It was in the middle of the 18th century when, as a boy, English physician Edward Jenner overheard a conversation that would one day save countless lives. What he overheard was a milkmaid explaining to someone that she would never have to worry about the disfigurement of the dreaded smallpox because she’d had a case of the much milder disease cowpox.
Surely it struck the young man as strange that this probably fairly uneducated woman believed her life, and her beauty, may have been saved by a cow, but the notion stuck with him as he grew. On May 14, 1796, Jenner inoculated an eight-year-old with cowpox laced pus. The boy ended up with a short-lived mild fever and some temporary general malaise, but was otherwise fine. Then two months later, Jenner exposed the boy to smallpox, and he developed no symptoms at all.
Dr. Jenner called his discovery “vaccinia,” derived from the Latin word for cow. He wrote up his findings, published them as An Inquiry into the Causes and Effects of the Variolae Vaccinae, presented them to the Royal Society, and faced ridicule from renowned naturalist Sir Joseph Banks and other very important men.
But some listened and experimented and discovered the same result. Edward Jenner, on the overheard musings of a milkmaid, had discovered a way to prevent smallpox infection that proved significantly safer than inoculation with the smallpox virus itself, which was a practice frequently undertaken by those who wanted to reduce their chance of dying from smallpox to one in forty from twelve in forty.

One physician thought the newfangled vaccine promising enough, that he sent Jenner’s work to an American colleague by the name of Benjamin Waterhouse, who served as Professor of Theory and Practice of Physic at Harvard Medical School. The American physician was so impressed by the research that on July 8, 1802, he vaccinated both a household servant and Waterhouse’s own five-year-old son, fortunately with great success. He would later go on to vaccinate his entire household and quite a few relatives in order to, according to him, “convince the faithless and silence the mischievous.”
Excited, Waterhouse next set up Board of Health trials in which vaccination by the cowpox-causing virus proved overwhelmingly preventative of smallpox infection. He faced as much resistance and ridicule as Jenner had, but he did have a powerful ally in then president Thomas Jefferson who sent him a fan letter in which he wrote: “Future nations will know by history only that the loathsome smallpox has existed and by you has been extirpated.”

Jefferson may have been a little bit premature in his statement, but through the continued efforts of Waterhouse and Jenner a skeptical population both in the US and England, and eventually throughout the world, increasingly sought vaccination. Then in 1980, the World Health Organization declared smallpox officially eradicated.
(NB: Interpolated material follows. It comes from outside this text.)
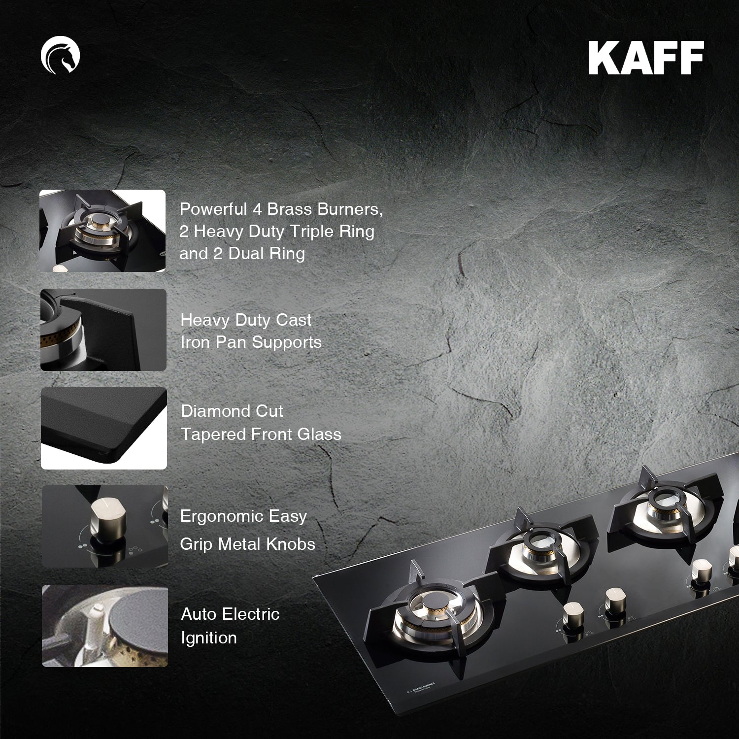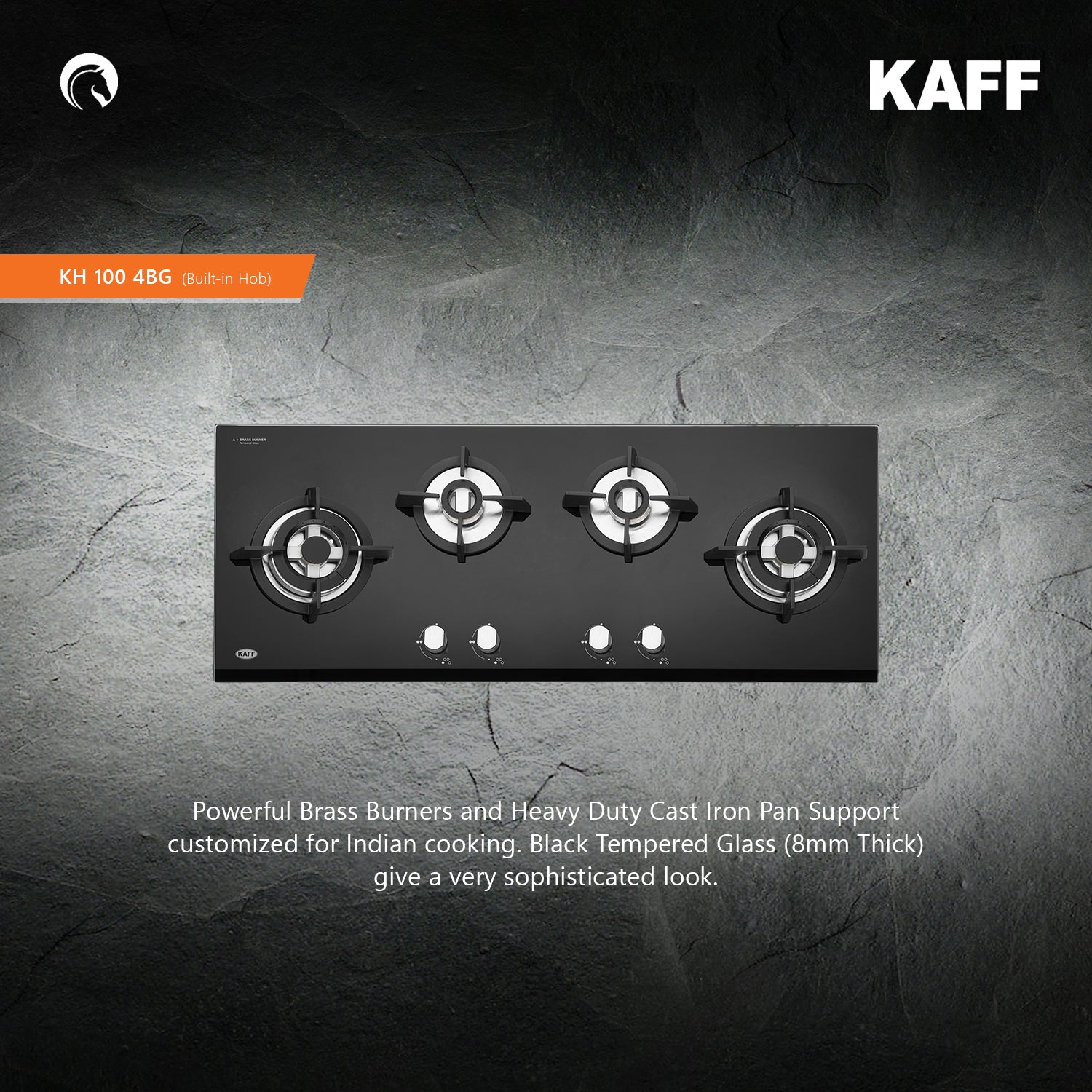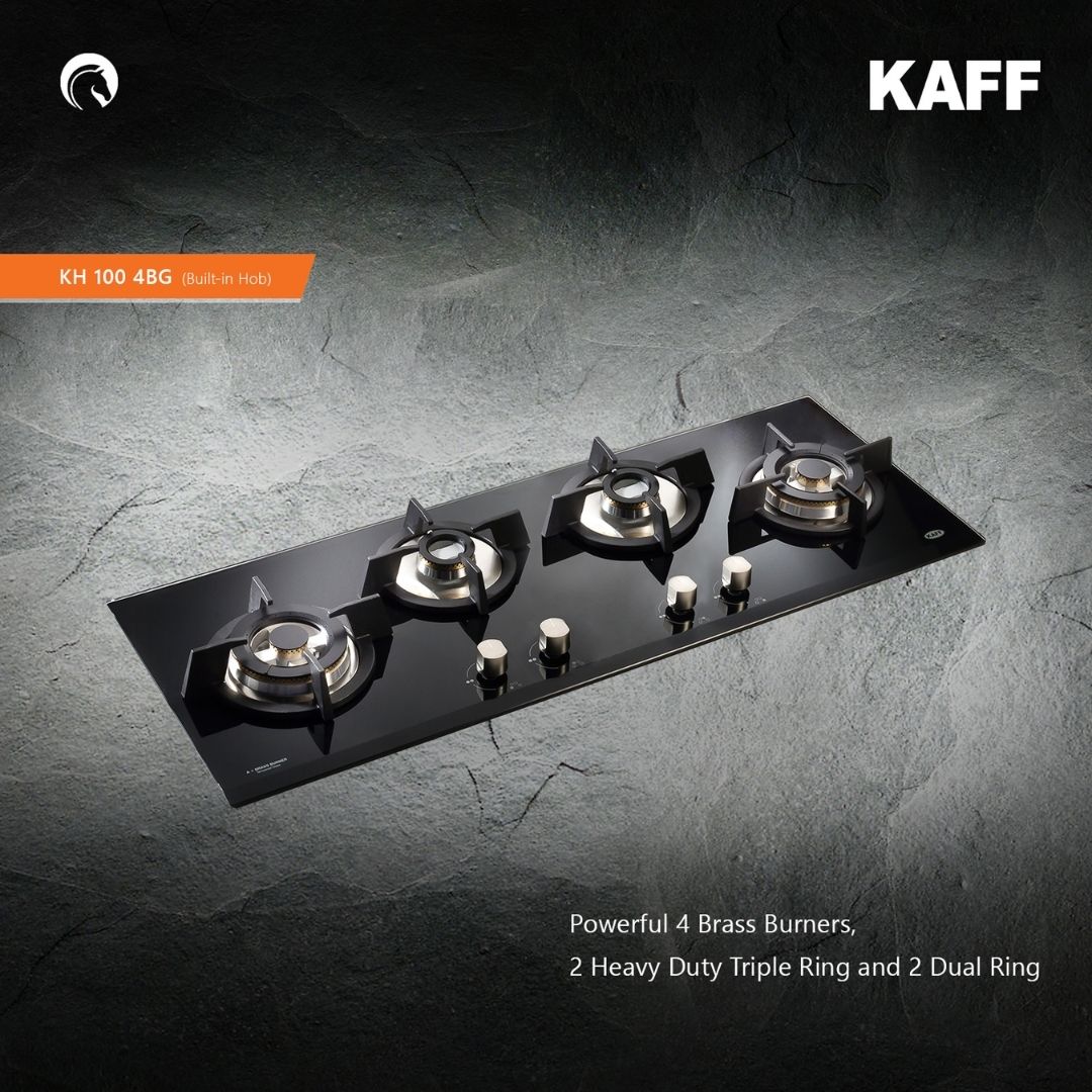 - Powerful 4 Brass Burners, 2 Heavy Duty Triple Ring and 2 Dual Ring Black Tempered Glass (8 mm Thick)

Gone. A disease that some historians estimate killed as many as two billion people throughout history is gone because of a gossiping milkmaid, an eavesdropping boy, and the influence of a committed community of medical professionals and those who trusted them.
I’m not a vaccine expert, though I’m glad to say I have more education than the average 18th century milkmaid. What I do know is that the more opportunity viruses have to thrive, the more opportunity there is for variations to occur, and the more opportunity there is that one of those variations may not be thwarted by the vaccines we currently have. I also have many medical professionals in my life, all of whom are fans of vaccination in general, and right now, of the Covid-19 vaccines specifically.
I wouldn’t pretend that I could dispense medical advice, and I am well aware that every individual has a unique medical history and set of concerns that can produce a whole host of questions I might not even think to ask. And I know there’s a lot of confusing information out there. I also believe that how my fellow Americans want to live their lives is how they should live their lives. I get all of that.
So, I will not dispense advice or debate with you about whether or not you should get vaccinated against Covid-19. I won’t even consider you faithless or try to silence your mischief if you decide not to. All I will say, for whatever it may be worth, is that the members of my household, consisting of me, two teenage sons, and my husband who is a medical professional, have been vaccinated against Covid-19.
I’m grateful we had the opportunity and that we took advantage of it. I’m grateful that most of my extended family are vaccinated as well. I’m grateful for all those around me who have also done so. I’m grateful for cows and milkmaids, for Edward Jenner and Benjamin Waterhouse, and for the medical professionals who have made our most recent miraculous vaccines possible.
And if you have the opportunity to get vaccinated against Covid-19, I am so very grateful for that, too.